El riesgo era evidente y el torero había perdido totalmente los papeles; entro a matar unas quince o veinte veces; el toro, que estaba cubierto por una manta de sangre, seguía embistiendo a todo lo que se movía en sus alrededores; el público gritaba fuera de sí y hasta un cierto sector del mismo pedía  el indulto del animal; pero ya era demasiado tarde, agonizante “el colorado” se fue a los medios y “expiró” de pie, clavando las cuatro patas y agarrotándose totalmente.

El respetable impresionado y boquiabierto aplaudía sin cesar exigiendo la vuelta al ruedo para el toro; el presidente la concedió.

Apenas finalizada la corrida, en los aledaños de la plaza y en el patio de caballos, todo eran  cuchicheos y comentarios en los grupos que se habían formado. Muchos aficionados decían que el “colorado” no fue realmente bravo y mucho menos noble. Que a pesar de derribar al caballo no se empleó con fijeza y que cabeceaba haciendo sonar el estribo; otros opinaban que no humillaba y que escarbaba antes de las embestidas; que era un toro con más poderío que verdadera bravura, y que sus arrancadas, eran más bien medias arrancadas y “arreones».                                                                                                                                                   

Un gordo con puro peroraba sentenciosamente y definía al toro como avispado y peligroso, un verdadero “marrajo”; lo inaudito es que todo el mundo hablase del toro y nadie del torero; la tarde de Pedrín de Zamarique, se había convertido en la tarde de  “Llavero” – que así  le bautizaron al  “colorado”- cuatro años atrás en la dehesa.

En el hotel, mayoral y ganadero, intentaban encontrar alguna explicación al inusitado comportamiento de Llavero en el ruedo. El mayoral en silencio, hizo como que recapacitaba y abriendo una estudiada pausa dio la sensación de estar sumido en una profunda cavilación.

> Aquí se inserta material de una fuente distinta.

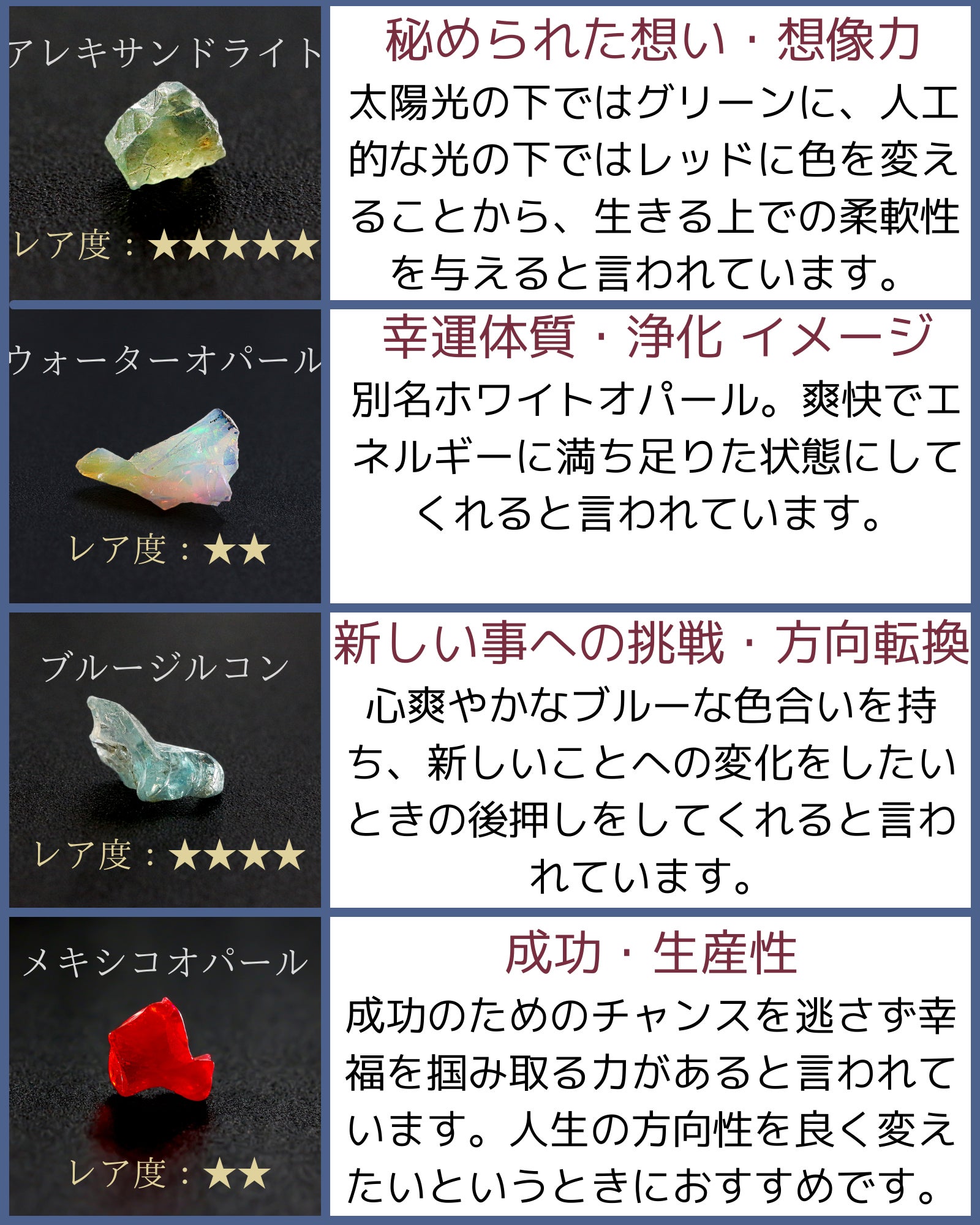 *画像 宝石の原石のお守り 「メキシコオパール」「ルビー」「ガーネット」「タンザナイト」「エメラルド」「ブルージルコン」

Tras un largo suspiro comentó: “Recuerdo que cinco años atrás, un frío día del mes de Noviembre, se averió un camión que transportaba una piara de toros y vacas de “casta navarra” hacia una dehesa extremeña, donde un acaudalado empresario intentaba recuperar  este antiguo linaje para el toreo moderno. El  camionero pidió permiso para dejar las reses en la «placita» de tientas de la  finca. A  la mañana siguiente, al ir a embarcar el ganado, vimos que unas cuantas añojas de nuestra ganadería se habían colado por un burladero y habían pasado la noche con el ganado navarro; Llavero tenia que ser fruto de la unión de un toro navarro y una añoja nuestra.

Sólo esto podía explicar “el colorado encendido”, sus hechuras atípicas y el comportamiento tan terrible que desarrolló en el ruedo.

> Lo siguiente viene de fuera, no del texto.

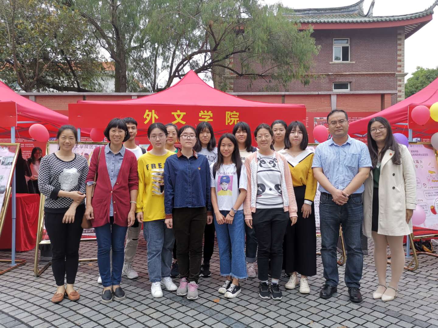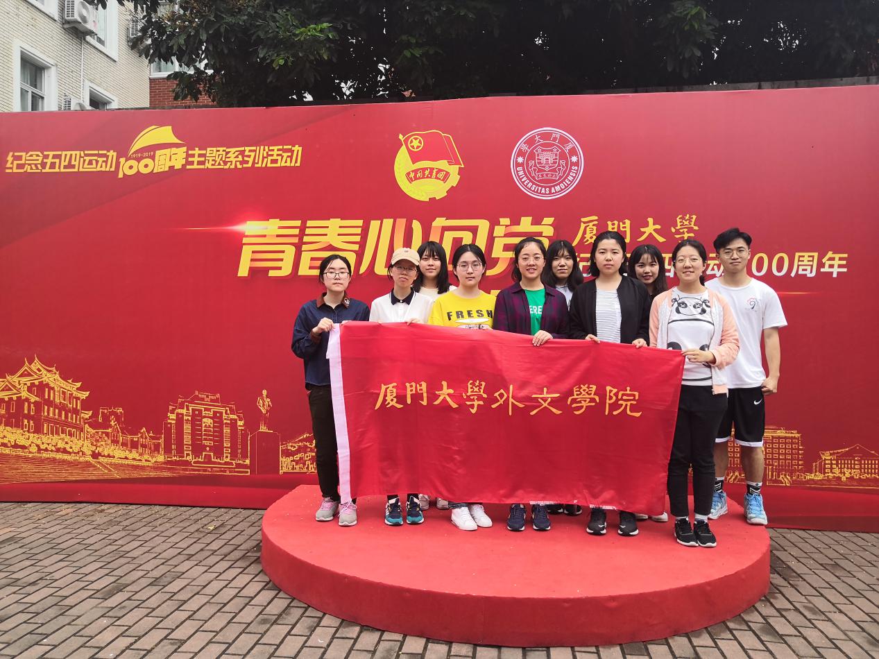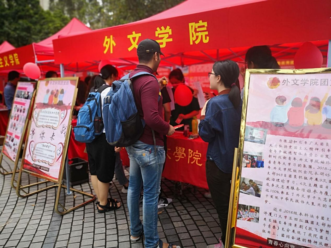今年是中华人民共和国成立70周年、五四运动100周年。为纪念五四运动,弘扬“五四”精神,展现厦门大学青年学生健康向上的精神风貌,增强共青团的凝聚力和向心力,厦门大学纪念五四运动100周年主题系列活动之活动广场活动于5月5日在三家村广场顺利开展。外文学院积极响应校团委号召,组织2018级英语专业本科3班团支部和2017级西班牙语本科团支部作为代表参加了基层团组织风采展示活动。活动当天,外文学院党委副书记沈丽秀,团委书记、研究生辅导员乐无恙,团委副书记、2016级本科生辅导员戴晓燕和2018级本科生辅导员杨盛澜等老师到场参加活动。

Sin saberlo, el público sangüesino había presenciado la lidia de un toro del siglo XIX por un torero de finales del siglo XX.

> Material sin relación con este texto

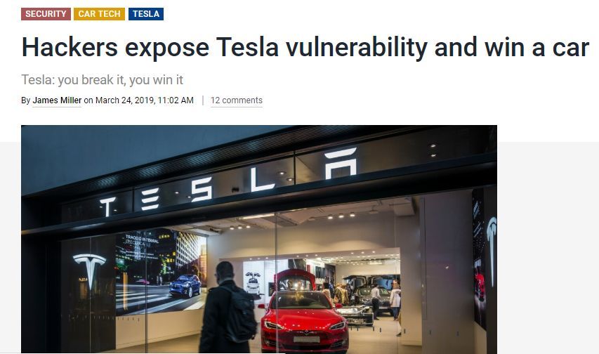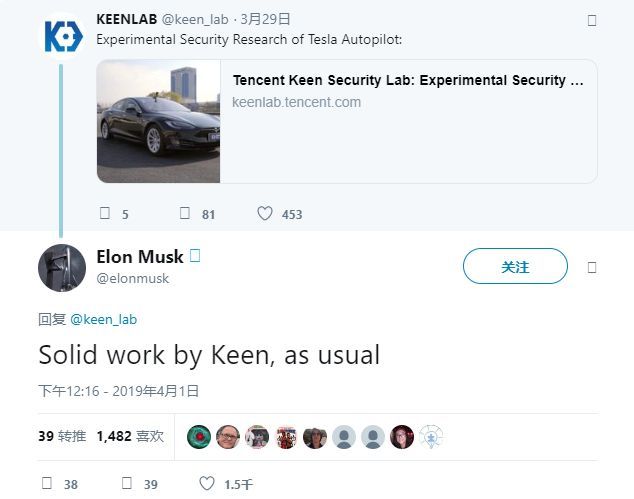 马斯克对科恩实验室特斯拉汽车系统漏洞的推特回应

El mayoral preguntó inquisitivo al ganadero: “Que pasaría con la fiesta si todos los toros actuales fueran  de la catadura de Llavero”.

En la prensa del día siguiente, un  revistero taurino que era redicho y antiguo, escribió la siguiente reseña taurina que en verdad es la que se merecía el “colorado” Llavero:

“El sexto toro  no lucía, pero  tendría que lucir, la divisa encarnada y verde de Carriquiri y debiera  haber visto la luz a las orillas del Ebro, allá en la Tudela de Navarra. Era voluntarioso y franco. Tomó cuatro puyazos y dio un gran tumbo a la cabalgadura en el primero. No lograron los chicos adornarle el morrillo ni con un miserable par. Era bicho que se ceñía mucho, pisando los terrenos y con toda su mala y torcida intención le propinó un gran revolcón al diestro. Este anduvo descompuesto durante toda la lidia, no hizo nada y se puso pesado para matarlo”.